Assisted by $9.34 million in favourable exchange rate movements and early close-out of forward cover, the result was achieved on revenue of $251.4 million in the six months to September 30, up 18% on the same period a year earlier.
Pre-dilution earnings per share rose to 7.3 cents per share, up 33%, although gross margins at 54% of revenue were static, and compared with55.4% in the same period last year. An unchanged interim dividend of 5.4 cents per share has been declared, fully imputed for New Zealand shareholders, payable on 18 December.
The company's share price rose 2% to $3.11 immediately after the announcement.
"We are very encouraged by the better than expected growth we have achieved in the first half, which has offset the effect of the appreciating New Zealand dollar," F&P Healthcare's chief executive, Michael Daniell said.
"For the remainder of the 2010 financial year, the comany expects continuing growth in demand for its products and estimates that, at an average NZD:USD exchange rate of 0.74, it will achieve operating revenue of approximately $500 million and profit after tax of approximately $65 million to $70 million."
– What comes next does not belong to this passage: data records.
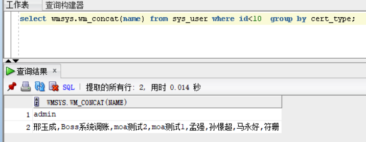 wmsys.wm_concat()使用方式:该函数返回来自同一个分组的指定字段的非NULL值的连接起来字符串。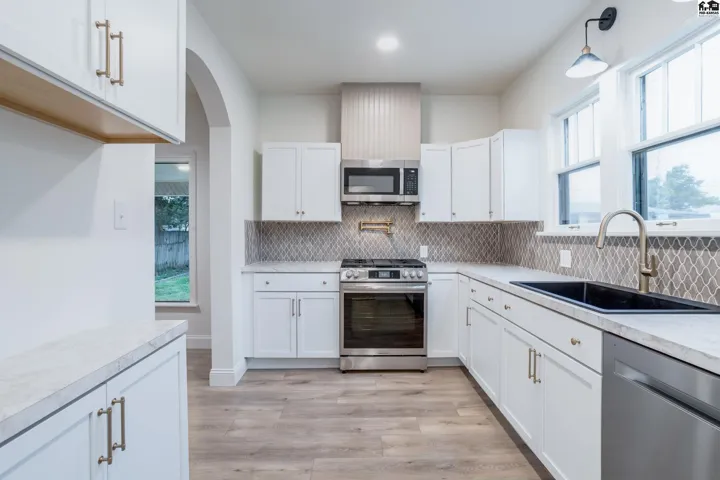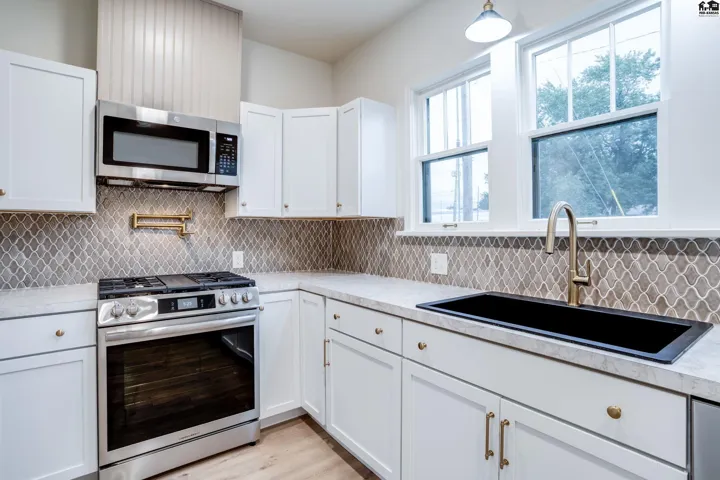 +"PublicRemarks": "Great location! Close to downtown Buhler! Full remodel on this cozy, cute and spacious home! This home is located on a large corner lot that includes fencing and a big wood deck under a beautiful mature tree. No worries on the roof, it was replaced in 2025! Approaching the front door, you are met with a beautiful, corner to corner covered porch with columns that give it that farmhouse feel. Once inside, the space opens up to a large living area that spills over into another living area and designated dining space. You will immediately notice the fresh paint, new flooring, remote ceiling fans etc... The upper level features new carpet throughout, 4 bedrooms, and an updated Master Bath. New ceiling fans up here as well! Back on the main level, you will find another freshly remodeled bathroom and main floor laundry. The kitchen has been completely refreshed as well, including brand new Refrigerator, Oven/Range with pot filler faucet, Dishwasher and Microwave! Other upgrades include: Water Heater 2025, HVAC 2024, and Electrical Panel with wiring upgrades throughout in 2025, and plumbing upgrades. So much NEW in this mature home!! This is a must see! Come quick!"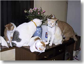 ニセド:今日はバラの花だ! ぬー:どうお?美味しい? ニセド:まあまあってとこかな。痛て!バラって爪があるのか?ひっかかれたぞ。 トン:僕もひっかかれた。 宮沢:葉っぱはシャキシャキしてて歯ごたえが良かったよ。 らー:ママに叱られるよ。ぼく知らないからね。 |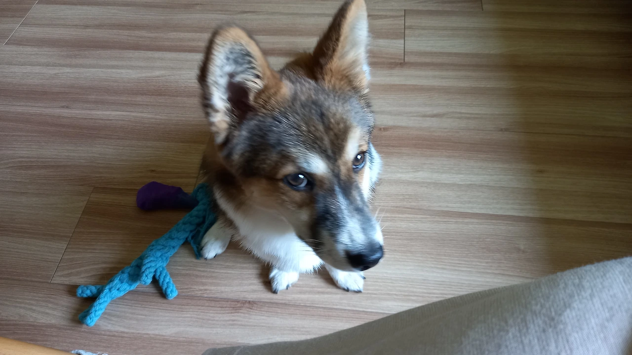 거실을 이리저리 가로지르며 뛰다가 물을 마시나보다. 그리곤 깡패처럼 두 발로 안방 문을 텅하니 차고 들어와 침대 아래서 말없이 나를 올려다본다. 못 본 척하는 나. 각종 장난감을 물고 와 바닥에 놓는다. 또 외면. 장난감 하나를 물고 슥~나가더니 저렇게 뛰어다닌다. 음.... 저건 시위다.
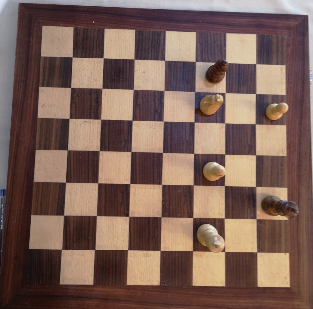 Wer kann von sich aus Erfahrung sagen, dass er mit Springer und Läufer in der sechsten oder siebten Stunde einer Turnierpartie unter 50 Zügen mattsetzen kann? Beim Weg zum Abendessen sah ich eine Partie zweier Spieler in der Kategorie U2000 bei der es gleich zur Technikübung kommen würde, dachte ich. Ich entschied mich nach dem Essen noch einmal im Turniersaal vorbeizuschauen. Weiß drohte a6-a7 und daher würde Schwarz den Läufer geben müssen, so meine Überlegungen zu dem Endspiel. Würde es der Weißspieler aus Österreich schaffen, seinen Gegner aus Polen mattzusetzen? Bei der deutschen Seniorenmeisterschaft in Hamburg 2018 hatte ein Spieler mit dem ehrlichen Bekenntnis “Das kriege ich nicht hin“ sofort Remis gegeben. Die Auflösung, wie es diesmal ausging, folgt am Ende.

During the half, new sales support centres were established in Japan and Canada, and the company is now making sales in 120 countrie, with offices in 30.
North America accounted for 47% of operative revenue for the half, and Europe 31%.
OSA products showed 31% growth in sales to $118.8 million, reflecting strong demand for a new range of premium flow generators and masks introduced last year. Demand for respiratory and acute care devices remained strong, with operating revenue was up 8% to $117.4 million.
During the half, the company closed out US$11million of foreign exchange forward contracts, which were scheduled to mature in 2012, for a gain of $5.49 million. Since September 30, a further US$51 million of forward cover was unwound, creating a further New Zealand dollar benefit of $25.0 million, which will be recorded in the company's realised cash flow hedge reserves until the contracts would have expired, in 2012 and 2013.
Currency exchange rates remained very volatile, with the New Zealand dollar spot rate against the US dollar ranging from US55.4 cents to US72.6 cents during the half, a situation the company is managing by maintaining a mix of foreign exchange contracts and collar options up to five years forward with a face value of some $600 million.
"The US dollar and Euro instruments were at weighted average rats of approximately US52 cents and 0.44 Euros to the New Zealand dollar and are to protect the company from exchange rate volatility," Daniell said.
Research and development expenditure grew by 13% over the half to $16.3 million, representing 6.5% of operating revenue.